Quelques heures après les annonces faites par Emmanuel Macron en faveur du pouvoir d’achat, François Bayrou proposait d’aller plus loin en modifiant les structures de la stratégie économique européenne
Avec Nicolas Goetzmann
12 décembre 2018
Au lendemain des annonces faites ce 10 décembre par Emmanuel Macron pour répondre aux attentes des Gilets jaunes, son allié François Bayrou déclarait à France Info – en préparant le terrain de la suite de l’action politique – “sans doute y aura-t-il des interrogations à l’égard de la politique de la Banque centrale européenne” (…) “Il faut que les gouvernements européens, entre eux, se posent la question de savoir quels sont les buts à atteindre” pour la BCE, “et y ajouter le plein emploi, parce que le plein emploi c’est l’unité de la société dans laquelle on vit“. Loin d’être anodine, une telle proposition de réforme de la zone euro touche en réalité le cœur du réacteur nucléaire économique européen.

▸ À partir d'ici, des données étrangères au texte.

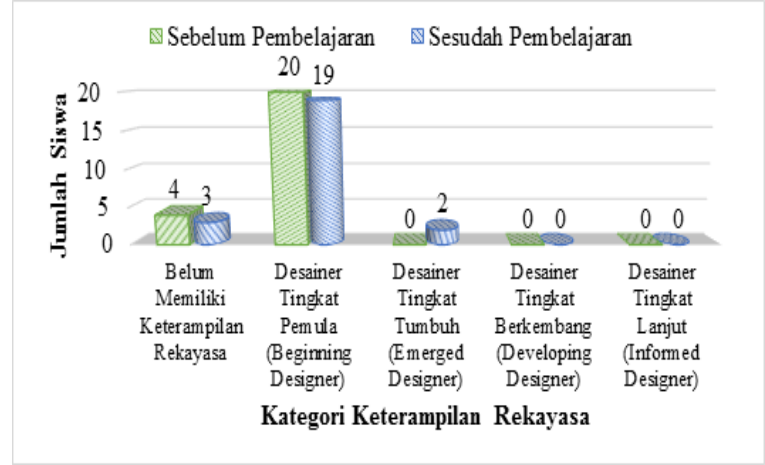
Gambar 8. Engineering skill category improvement in control group

The results of engineering skills grouping in the control group can be seen in Figure 8 below:

Il s’agit ici, ni plus, ni moins, de modifier la stratégie de développement économique du continent vers un modèle nouveau, qui, comme l’indique François Bayrou lors de son interview, tire les leçons du travail réalisé par la Réserve Fédérale des Etats-Unis : c’est-à-dire la recherche de l’emploi maximal comme philosophie.
La question découlant de cette proposition est de savoir ce que cela pourrait changer pour la zone euro. En réalité, presque tout. Depuis son origine, l’objectif unique et prioritaire de la BCE est de stabiliser les prix, à un niveau proche mais inférieur de 2%. Ainsi, il est de son devoir de faire le nécessaire pour remplir cet objectif, tout en disposant d’un pouvoir absolu en ce sens. La stabilité des prix est ici la priorité tandis que le niveau d’emploi peut alors être considéré comme une variable d’ajustement secondaire.

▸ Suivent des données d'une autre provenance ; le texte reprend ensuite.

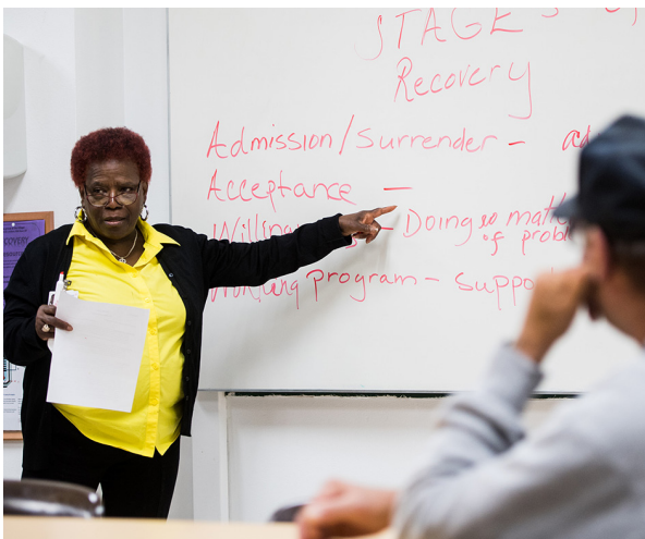
Our Addiction Treatment and Education Center works with clients in groups and individually to help them reach their recovery goals.

De l’autre côté de l’Atlantique, la FED dispose d’un objectif double, la stabilité des prix et l’emploi maximal. La différence est que la FED va se trouver contrainte, dans une situation de crise par exemple, de faire tout ce qui est en son pouvoir pour soutenir le niveau d’activité jusqu’à ce que le plein emploi soit atteint, dans la limite de la stabilité des prix. C’est ce qui explique la mise en place d’une politique monétaire beaucoup plus agressive et plus réactive aux Etats-Unis qu’en Europe au cœur de la crise. Un taux de chômage de 10%, comme l’ont connu les Etats-Unis au cours de l’année 2010, n’est simplement pas une option pour la FED. Pour les européens, une même situation au cours de l’année 2010 n’a, par contre, entrainé aucune réponse. Pire encore, au cours de l’année 2011, la BCE resserrait sa politique monétaire pour éviter toute tension à la hausse sur les prix en négligeant totalement la crise sociale provoquée par le chômage de masse qui frappait le continent.